Anti-semitism has flourished and receded for a few thousand years. It is a permanent part of Judaism. Al Wei Wei’s experience as an artist who left Mainland China because he felt censored, as did his father, is an abhorent example of censorship, but not the moral equivalent of anti-semitism.
Ms Liu is right to point out the volatility of opinion in the current struggles in Israel, Gaza and Palestine. No group has a monopoly on the ills of censorship. But anti-semitism goes beyond censorship of opinion.
Thank you, Mr. Herford, for your comments. But just as Hamas does not represent all Palestinians, Israeli government does not represent all Jewish people. Killing civilians in Gaza is not the same as killing Hamas. Criticizing an Israeli policy is also not the same as antisemitism. And when there are more and more individual cases of cancel culture over Hamas-Israel war, it becomes a free speech and democracy issue.
Er…. “cancel culture was first more a practice used against conservatives”? Remember when it was called “Dixie Chicking,” after the then top-of-the-charts Dixie Chicks faced death threats and got canceled by country radio, boycotted by various conservative groups, and picketed at concert venues in 2003 for one remark opposing George Bush’s Iraq invasion? Even the president of the United States piled on, saying “They shouldn’t have their feelings hurt just because some people don’t want to buy their records.”

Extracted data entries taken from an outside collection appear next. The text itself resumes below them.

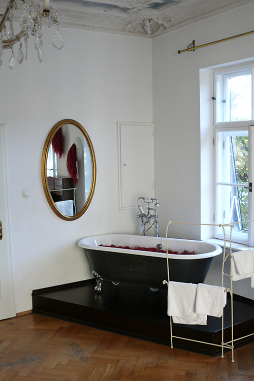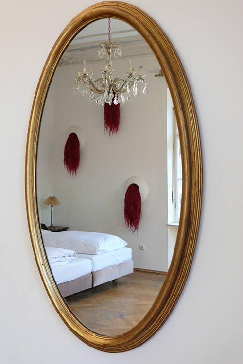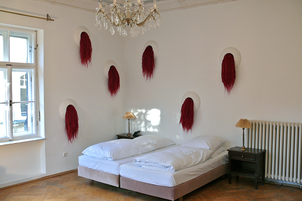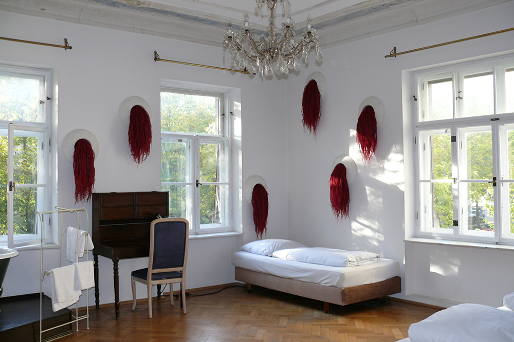 Room To Let / Zimmer frei, 2007Red Fountains, hotel roomacrylic resin, hemp fibre, pigments12 wall objects, Ø 44 cm eachKunstprojekt Zimmer frei, Hotel Mariandl, München 2007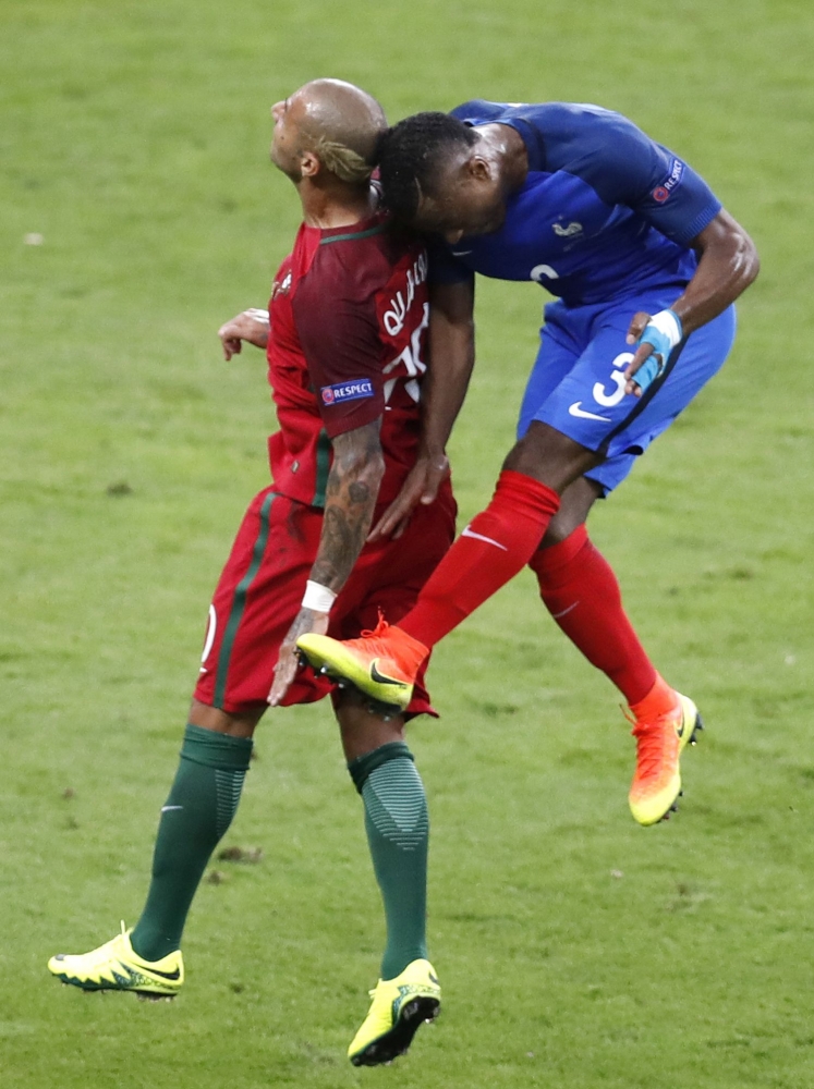 Francúz Bacary Sagna v súboji s portugalským futbalistom Josem Fontem počas finálového zápasu na majstrovstvách Európy. Paríž, 10. júl 2016. Foto: SITA/AP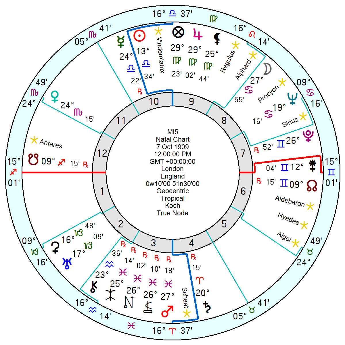 What intrigues me is the chart for MI5 (the UK Security Services) founded 7 October 1909 which has a Cardinal Grand Cross of a Libra Sun Mercury opposition Saturn in Aries square Neptune in Cancer opposition Uranus. Cardinal Grand Crosses hint at a lifestyle of revolving crises, in this case involving subterfuge (Neptune) and fanaticism (Uranus Neptune).
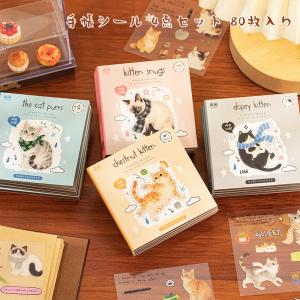 シール ご褒美シール ステッカー かわいい猫 4点セット 80枚入り 手帳シール DIY 文房具 女の子 男の子 手帳デコ 可愛い

Before that “blacklist” was the operative term, after Hollywood’s blacklisting of communists, one-time communists, and supposed “pinkos” in the 1940s and ’50s.
For decades rightwingers mimicked the tactics of leftwing extremists: the Weathermen in the ’60s, Timothy McVeigh and abortion-clinic bombers in later decades. Cancel culture has traveled the opposite way. Maybe it’s rebounding now.